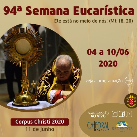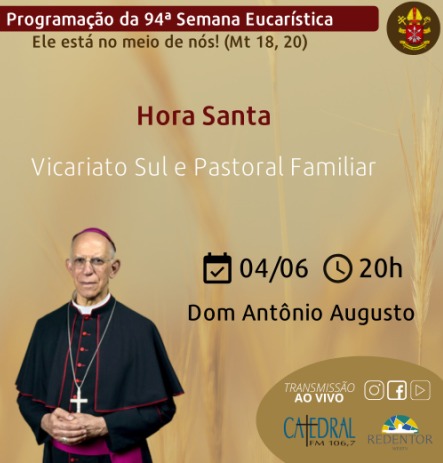 Nesta segunda-feira, 8 de junho, a Hora Santa da 94ª Semana Eucarística será presidida pelo Bispo Auxiliar, Dom Juarez Deloto. Será às 20h, voltada, principalmente, para o Vicariato Leopoldina, Pastoral Vocacional, Clubes Vocacionais, Animação Bíblica da Pastoral, Círculos Bíblicos, Pastoral Missionária e IAM. A Semana Eucarística, que prepara os fiéis para a festa de Corpus…
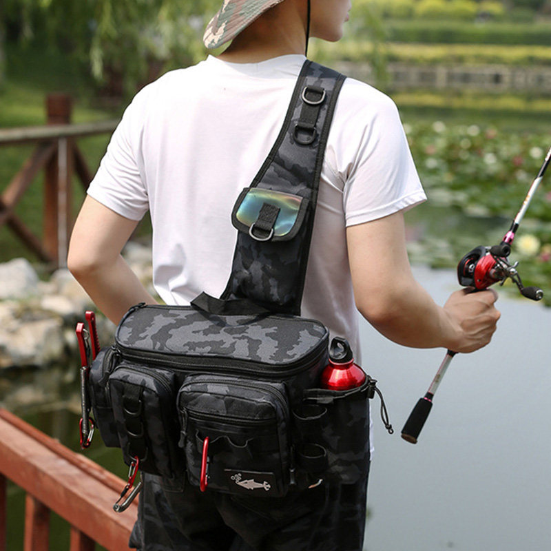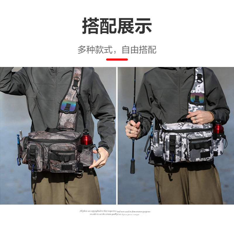 多功能路亚包渔具专用单肩斜挎腰包鱼竿包便携假饵盒收纳工具背包
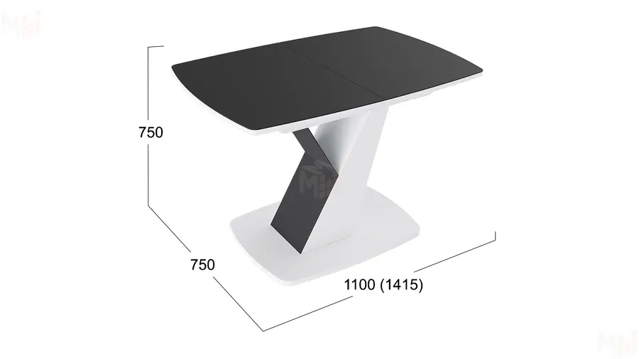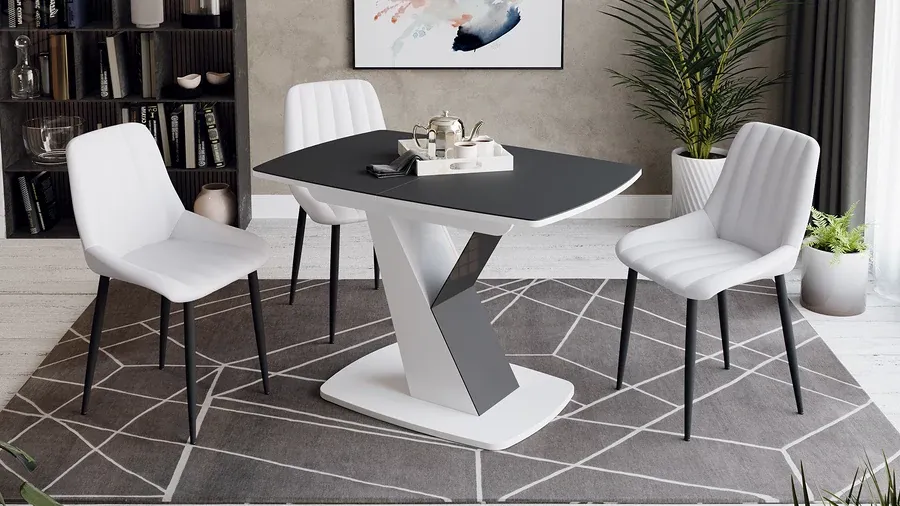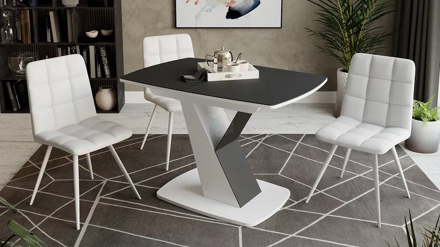 Стол обеденный Гарда Тип 1 Белый, Стекло матовое черный графит
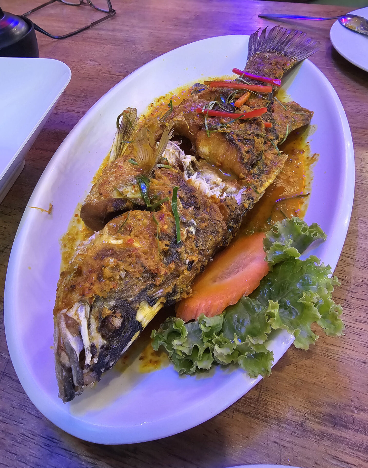 The owner previously worked in luxury hotel kitchens, so you can expect high quality. Conveniently, he speaks excellent English, so I simply asked him to recommend dishes instead of working my way through the menu. I had seafood fried rice and deep-fried seafood with garlic curry pepper. It was far too much for me on my own, so I left with the food for the next day as takeaway. Significantly more expensive than usual for local Thai restaurants, but also really good. If you're in the Phuket Town area, it's definitely worth a detour.

== WHAT TO WORK ON ==
Restate word for word each line from the top of the listing down to and including the line that holds "Стол обеденный Гарда". Drop any pictures.

== ANSWER AREA ==
 Nesta segunda-feira, 8 de junho, a Hora Santa da 94ª Semana Eucarística será presidida pelo Bispo Auxiliar, Dom Juarez Deloto. Será às 20h, voltada, principalmente, para o Vicariato Leopoldina, Pastoral Vocacional, Clubes Vocacionais, Animação Bíblica da Pastoral, Círculos Bíblicos, Pastoral Missionária e IAM. A Semana Eucarística, que prepara os fiéis para a festa de Corpus…
 多功能路亚包渔具专用单肩斜挎腰包鱼竿包便携假饵盒收纳工具背包
 Стол обеденный Гарда Тип 1 Белый, Стекло матовое черный графит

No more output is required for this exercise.